To do: In the listing below, start your output at the line with "- Crie seu cartão" and end it after the line with "Step into this", copying every line exactly.

Material provided:
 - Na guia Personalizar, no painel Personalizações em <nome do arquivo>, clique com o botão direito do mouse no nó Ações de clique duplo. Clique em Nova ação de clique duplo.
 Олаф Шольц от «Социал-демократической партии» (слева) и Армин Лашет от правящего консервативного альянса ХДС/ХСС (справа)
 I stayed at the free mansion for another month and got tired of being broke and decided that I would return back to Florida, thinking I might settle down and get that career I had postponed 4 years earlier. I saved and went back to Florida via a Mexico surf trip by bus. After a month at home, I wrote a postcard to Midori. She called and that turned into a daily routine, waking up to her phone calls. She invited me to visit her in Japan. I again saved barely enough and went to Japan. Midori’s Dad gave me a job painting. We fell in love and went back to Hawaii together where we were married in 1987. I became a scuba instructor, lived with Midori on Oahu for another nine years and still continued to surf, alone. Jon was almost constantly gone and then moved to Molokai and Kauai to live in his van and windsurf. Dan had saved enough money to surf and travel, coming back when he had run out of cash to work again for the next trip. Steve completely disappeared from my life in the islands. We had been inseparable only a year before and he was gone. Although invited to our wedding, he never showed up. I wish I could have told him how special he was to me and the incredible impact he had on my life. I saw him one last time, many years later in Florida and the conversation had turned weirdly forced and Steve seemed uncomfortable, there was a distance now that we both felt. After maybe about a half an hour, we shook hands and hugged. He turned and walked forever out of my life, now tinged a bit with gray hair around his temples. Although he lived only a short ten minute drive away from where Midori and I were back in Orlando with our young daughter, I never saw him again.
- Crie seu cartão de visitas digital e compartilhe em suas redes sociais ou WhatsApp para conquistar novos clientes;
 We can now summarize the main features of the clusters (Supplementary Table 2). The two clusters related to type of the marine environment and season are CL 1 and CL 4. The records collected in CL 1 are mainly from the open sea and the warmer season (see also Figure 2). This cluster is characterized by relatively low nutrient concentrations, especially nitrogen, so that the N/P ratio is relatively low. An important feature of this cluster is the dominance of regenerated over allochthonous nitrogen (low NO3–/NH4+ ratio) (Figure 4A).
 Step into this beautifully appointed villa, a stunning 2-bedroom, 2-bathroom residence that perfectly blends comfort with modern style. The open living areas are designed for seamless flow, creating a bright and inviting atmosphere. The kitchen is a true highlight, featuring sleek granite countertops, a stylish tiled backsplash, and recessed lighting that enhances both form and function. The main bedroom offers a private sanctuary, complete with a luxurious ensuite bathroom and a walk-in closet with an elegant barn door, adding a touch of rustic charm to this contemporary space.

==

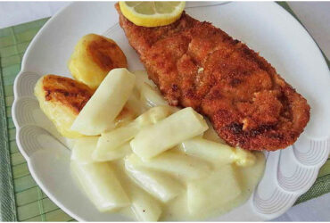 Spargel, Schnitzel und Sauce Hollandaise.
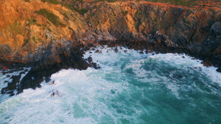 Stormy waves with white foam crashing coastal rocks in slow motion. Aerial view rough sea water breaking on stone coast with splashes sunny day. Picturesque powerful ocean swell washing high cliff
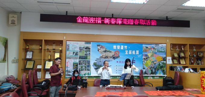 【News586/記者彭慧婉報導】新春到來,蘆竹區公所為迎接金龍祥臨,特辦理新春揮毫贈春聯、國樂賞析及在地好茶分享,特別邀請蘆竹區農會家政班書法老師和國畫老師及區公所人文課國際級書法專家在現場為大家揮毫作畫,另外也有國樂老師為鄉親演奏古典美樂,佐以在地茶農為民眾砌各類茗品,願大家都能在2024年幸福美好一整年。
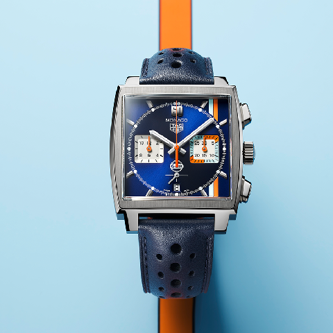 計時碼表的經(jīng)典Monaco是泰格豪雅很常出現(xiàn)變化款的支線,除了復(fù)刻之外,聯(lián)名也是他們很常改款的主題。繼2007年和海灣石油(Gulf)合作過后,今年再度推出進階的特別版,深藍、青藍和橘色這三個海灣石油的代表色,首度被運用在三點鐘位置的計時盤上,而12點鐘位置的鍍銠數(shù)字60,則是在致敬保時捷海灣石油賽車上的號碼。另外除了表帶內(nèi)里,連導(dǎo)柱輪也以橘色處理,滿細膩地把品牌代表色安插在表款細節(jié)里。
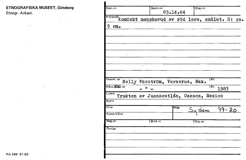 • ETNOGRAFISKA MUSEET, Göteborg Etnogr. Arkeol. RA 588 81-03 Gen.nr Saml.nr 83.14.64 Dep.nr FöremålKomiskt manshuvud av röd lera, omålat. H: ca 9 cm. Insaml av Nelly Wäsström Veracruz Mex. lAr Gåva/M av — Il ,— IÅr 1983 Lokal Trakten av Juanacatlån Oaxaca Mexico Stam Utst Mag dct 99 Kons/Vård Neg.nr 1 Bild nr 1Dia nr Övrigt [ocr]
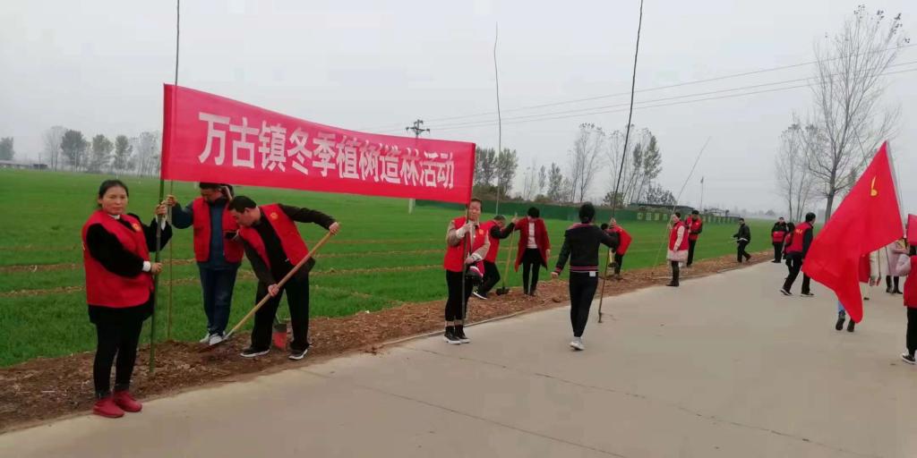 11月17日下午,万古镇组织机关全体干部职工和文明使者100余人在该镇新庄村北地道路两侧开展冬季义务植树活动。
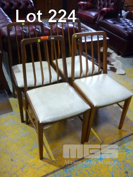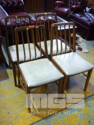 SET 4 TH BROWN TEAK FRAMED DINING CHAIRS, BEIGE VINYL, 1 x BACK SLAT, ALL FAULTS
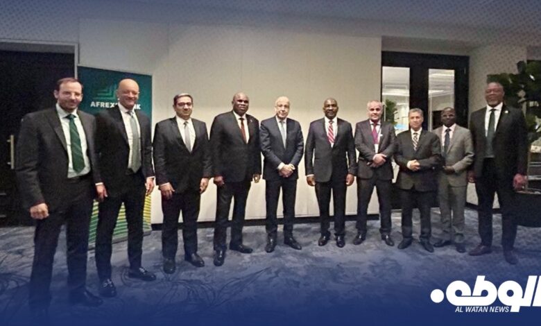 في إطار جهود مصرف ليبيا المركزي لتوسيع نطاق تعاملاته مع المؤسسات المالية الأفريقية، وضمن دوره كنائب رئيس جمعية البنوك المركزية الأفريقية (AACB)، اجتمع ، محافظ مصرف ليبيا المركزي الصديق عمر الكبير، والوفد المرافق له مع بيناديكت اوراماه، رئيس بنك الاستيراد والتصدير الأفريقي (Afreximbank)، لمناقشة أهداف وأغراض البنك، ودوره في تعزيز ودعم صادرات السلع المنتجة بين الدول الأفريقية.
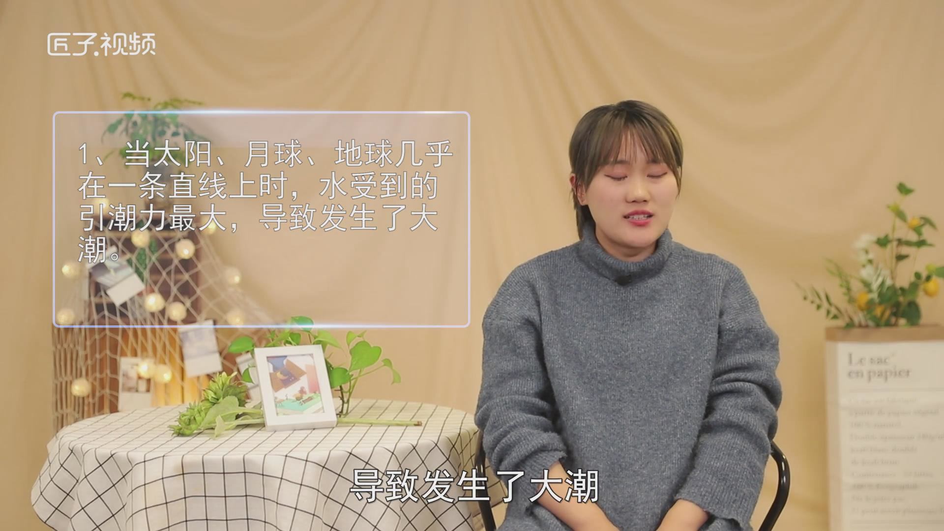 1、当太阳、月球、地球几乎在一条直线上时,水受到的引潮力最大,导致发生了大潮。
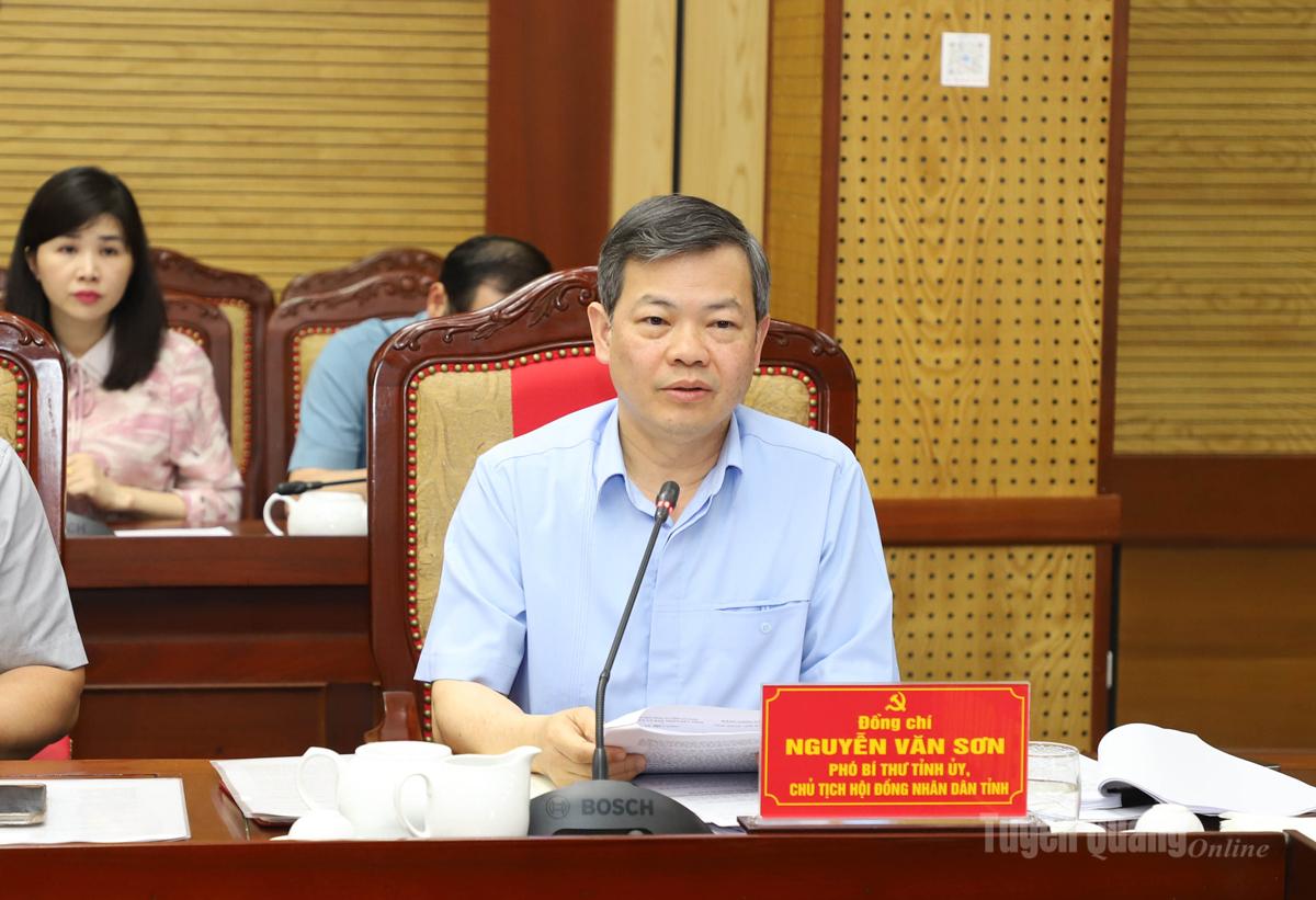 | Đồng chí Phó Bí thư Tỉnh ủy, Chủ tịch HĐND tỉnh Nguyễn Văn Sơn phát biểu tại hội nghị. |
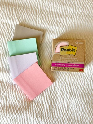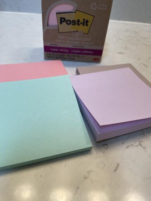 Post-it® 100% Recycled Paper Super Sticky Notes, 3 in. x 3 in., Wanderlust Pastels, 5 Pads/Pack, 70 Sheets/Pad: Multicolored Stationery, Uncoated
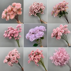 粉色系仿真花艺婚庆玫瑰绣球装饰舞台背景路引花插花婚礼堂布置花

Solution for this task:
- Crie seu cartão de visitas digital e compartilhe em suas redes sociais ou WhatsApp para conquistar novos clientes;
 We can now summarize the main features of the clusters (Supplementary Table 2). The two clusters related to type of the marine environment and season are CL 1 and CL 4. The records collected in CL 1 are mainly from the open sea and the warmer season (see also Figure 2). This cluster is characterized by relatively low nutrient concentrations, especially nitrogen, so that the N/P ratio is relatively low. An important feature of this cluster is the dominance of regenerated over allochthonous nitrogen (low NO3–/NH4+ ratio) (Figure 4A).
 Step into this beautifully appointed villa, a stunning 2-bedroom, 2-bathroom residence that perfectly blends comfort with modern style. The open living areas are designed for seamless flow, creating a bright and inviting atmosphere. The kitchen is a true highlight, featuring sleek granite countertops, a stylish tiled backsplash, and recessed lighting that enhances both form and function. The main bedroom offers a private sanctuary, complete with a luxurious ensuite bathroom and a walk-in closet with an elegant barn door, adding a touch of rustic charm to this contemporary space.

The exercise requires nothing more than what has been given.